“All of us experience ‘dysphoria’ between who we are and who God created us to be. The answer to resolving this dysphoria cannot be found by looking within yourself or to others for approval; it can only be found by uniting yourself to Christ.”
Becket Cook (author of A Change of Affection: A Gay Man’s Incredible Story of Redemption)
Becket Cook had a radical conversion to Christ. You can read more of his own story here. I’ll give you just a little bit of it in his own words. Cook writes:
With a highly successful career as a production designer in the fashion world, I lived as a fully engaged gay man in Hollywood. I had many boyfriends over the years; attended Pride Parades in Los Angeles, San Francisco, and New York; and marched in innumerable rallies for gay-marriage equality. My identity as a gay man was immutable, or so I thought.
But in 2009 I experienced something extraordinary: I had a radical encounter with Jesus Christ while attending an evangelical church in Hollywood for the first time (I was invited by a stranger I met at a coffee shop the week before). I walked into the church a gay atheist and walked out two hours later a born-again Christian, in love with Jesus. I was stunned by this reversal. Since then, I no longer identify as gay but rather choose to be celibate because I believe God’s plan and purpose—revealed in the Bible—is authoritative, true, and good.
Surrendering my sexuality hasn’t been easy. I still struggle with vestiges of same-sex attraction, but denying myself, taking up my cross, and following Jesus is an honor. Any struggles I experience pale in comparison to the joy of a personal relationship with the one who created me and gives my life meaning. My identity is no longer in my sexuality; it’s in Jesus.
Becket Cook from “Why Hollywood Praises Elliot Page (and Blacklists Me)”
What struck me about Cook’s life-story was how we can all relate to it. We all experience a gap between who we were created to be and who we are now. As followers of Christ, we all feel that gap at various times in various ways. The answer is not to “look within yourself” to find the answer to this gap but to look to Christ and find our identity in Him. The answer is not to look to others for approval or, worse, to demand that others approve. The answer is to surrender yet again to Jesus.
I have found that growth in the Christian life feels like two of yourselves running around a track.
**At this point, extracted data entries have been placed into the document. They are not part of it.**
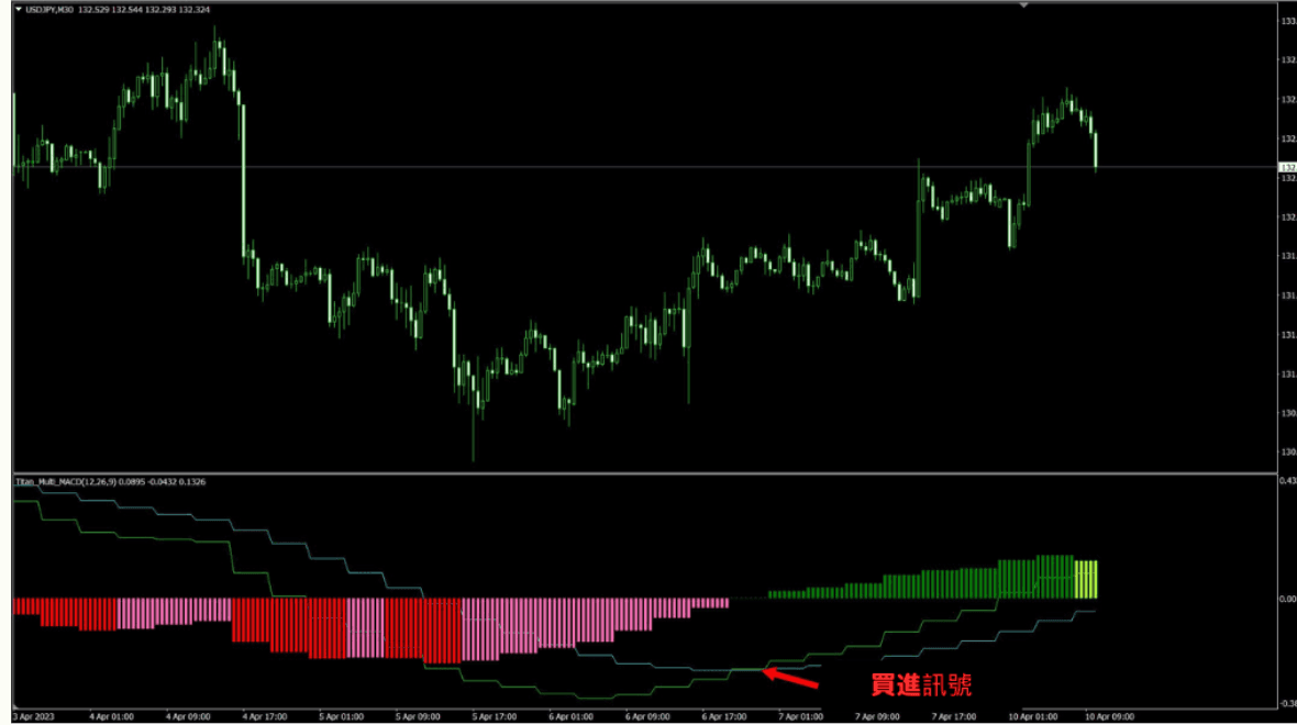 【30分钟图表显示4小时MACD的范例】
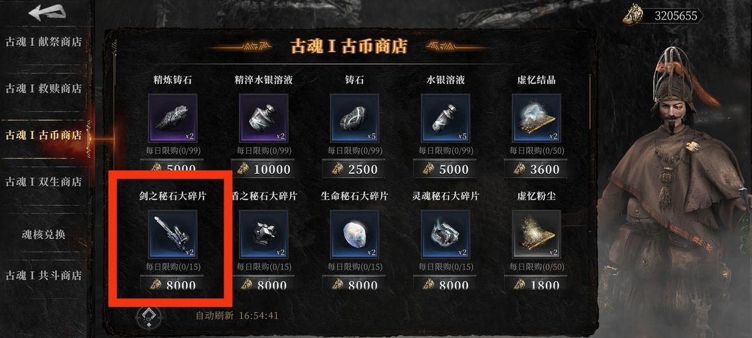 古币商店: 每日我个人建议必买-剑之秘石打碎片(魂核进阶剑之秘石消耗量较大) 进阶满了不买也行
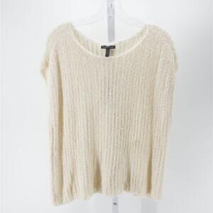 It's all about texture when it comes to this cap-sleeve sweater from Eileen Fisher. This nubby, eyelash-knit piece is cropped at the waist for easy layering. Easy fit; hits at waist Scoop neckline Textured knit Cap sleeves Organic cotton/nylon Machine washable Made in USA *small overstretched/hole on shoulderSize: Womens S Condition: New With Defects
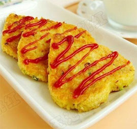 3、平底锅内放油,油五成热时,把搅好的糊糊用匙舀入锅里,摊平成饼状,我用的是心形煎蛋器。煎黄一面以后,翻面煎另一面,两面都煎黄即熟时出锅
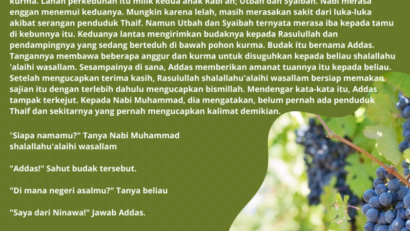 Tempat Rasulullah SAW beristirahat sehabis dikejar-kejar penduduk Thaif adalah kebun kurma. Lahan perkebunan itu milik kedua anak Rabi’ah; Utbah dan Syaibah. Nabi merasa enggan menemui keduanya. Mungkin karena lelah, masih merasakan sakit dari luka-luka akibat serangan penduduk Thaif. Namun Utbah dan Syaibah ternyata merasa iba kepada tamu di kebunnya itu. Keduanya lantas mengirimkan budaknya kepada Rasulullah dan pendampingnya yang sedang berteduh di bawah pohon kurma. Budak itu bernama Addas. Tangannya membawa beberapa anggur dan kurma untuk disuguhkan kepada beliau shalallahu ‘alaihi wasallam. Sesampainya di sana, Addas memberikan amanat tuannya itu kepada beliau. Setelah mengucapkan terima kasih, Rasulullah shalallahu’alaihi wasallam bersiap memakan sajian itu dengan terlebih dahulu mengucapkan bismillah. Mendengar kata-kata itu, Addas tampak terkejut. Kepada Nabi Muhammad, dia mengatakan, belum pernah ada penduduk Thaif dan sekitarnya yang pernah mengucapkan kalimat demikian.
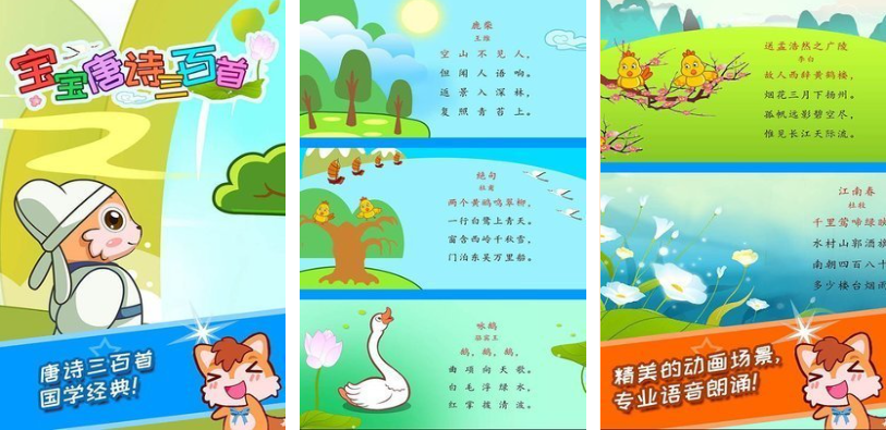 唐詩三百首是每個孩子必須學(xué)習(xí)的古代知識,這款作品就可以讓孩子們在休閑的氛圍中學(xué)習(xí)到更多詩詞,從古至今上百首唐詩宋詞都會在這款作品中出現(xiàn),通過互動式的玩法能讓低齡寶寶快速記住各種詩詞,圖文并茂的游戲內(nèi)容對小朋友來說也是通俗易懂,你也下載這款唐詩主題的休閑益智類游戲幫助孩子學(xué)習(xí)知識吧。

The version of yourself out in front is who you were created to be in Christ. The one behind is who you are today in your daily actions. There are moments where your present self seems to catch up to who you were created to be. That gap gets smaller and smaller. And just as you think you are about to catch yourself on the straightaway, Jesus has you round the turn. When you look up from the turn you realize the gap is now even larger than it was before. What just happened?
This moment feels like failure, but it is actually a step of growth. You’ve entered a new chapter. You’ve turned a page. You are now mature enough to handle Jesus showing you another layer that needs to mature. He couldn’t show it to you all at once. If He showed you the full distance between both versions of yourself, it would be crushing. Instead, He lets us grow in one area and in one season. He lets us approach who we were created to be. Then, as the gap shrinks, He reveals a new layer, a new chapter of growth that must happen for us to become who we were meant to be.
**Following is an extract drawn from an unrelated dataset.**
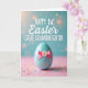 This card shows a large pastel blue egg sitting in the lower third, its smooth surface dotted with tiny multicolor confetti spots that add a light party feel 🌷. A bright pink ribbon wraps around the middle and ties into a tidy bow, topped with a single daisy-like flower with a sunny yellow center, like a small gift offered with affection. The background shifts from a calm blue-green at the top into a soft baby-pink area near the bottom, creating a gentle spring setting where a close bond can be imagined. Warm, blurry light circles glow across the upper area, like distant fairy lights watching over the scene. Small confetti pieces are scattered across the pink foreground, echoing the dots on the egg and keeping the celebration going 🐰. Across the upper portion, white flowing lettering reads “Happy 1st Easter Great Granddaughter,” centered and easy to spot against the cooler tones. The egg’s pink bow and little flower sit slightly right of center, with confetti sprinkled around them on the pink lower edge.
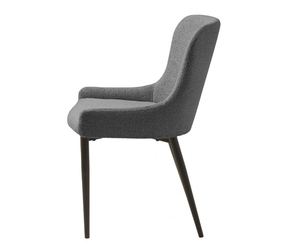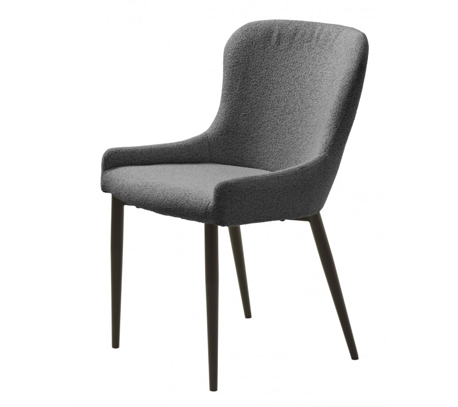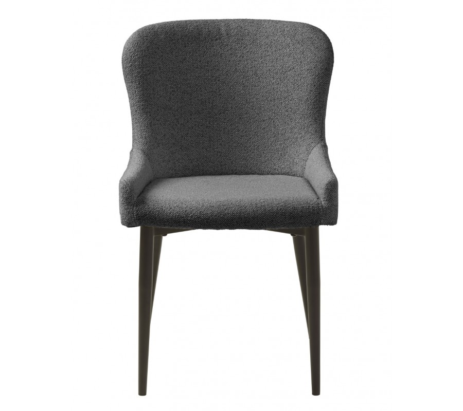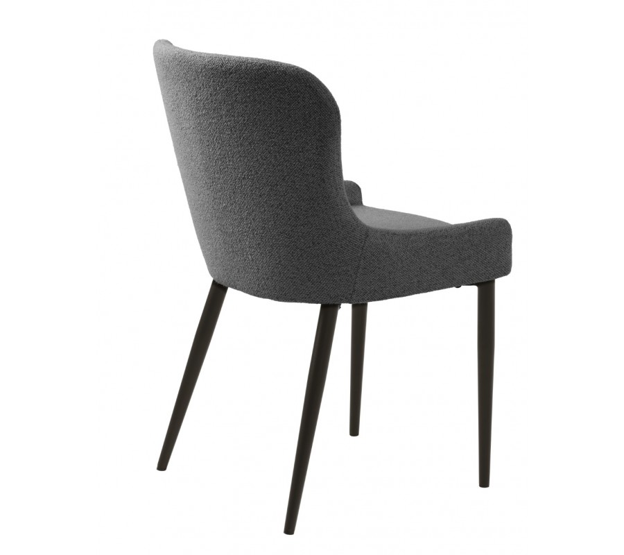 Moderná buklé jedálenská stolička Shariq s tmavým sivým poťahom a čiernymi kovovými nohami 82 cm

If we aren’t aware of the nature of this process, we might get discouraged. We might throw our hands up and abandon our pursuit of who we were created to be in Christ. We might stop running our race, sit down, and start to “look within” to find ourselves. This, unfortunately, is when the enemy pounces on us with deception and confusion. This is when people get all tangled up in false identities, thinking they are something they are not.
It is a truly humbling experience to grow and grow and grow only to have God reveal an area that is still immature, still unchanged by the character of Christ. But even in the humbling, the Holy Spirit is transforming us from the inside out. We will one day catch ourselves on that track. But it won’t be until we are perfectly glorified in eternity. Until then, our job is to keep running the race marked out for us. Every time the gap that was closing suddenly widens, we need not be discouraged. We need, instead, to see it as a new chapter, a new invitation to become all that God has intended us to be.
I want to know Christ—yes, to know the power of his resurrection and participation in his sufferings, becoming like him in his death, and so, somehow, attaining to the resurrection from the dead.
Not that I have already obtained all this, or have already arrived at my goal, but I press on to take hold of that for which Christ Jesus took hold of me. Brothers and sisters, I do not consider myself yet to have taken hold of it. But one thing I do: Forgetting what is behind and straining toward what is ahead, I press on toward the goal to win the prize for which God has called me heavenward in Christ Jesus.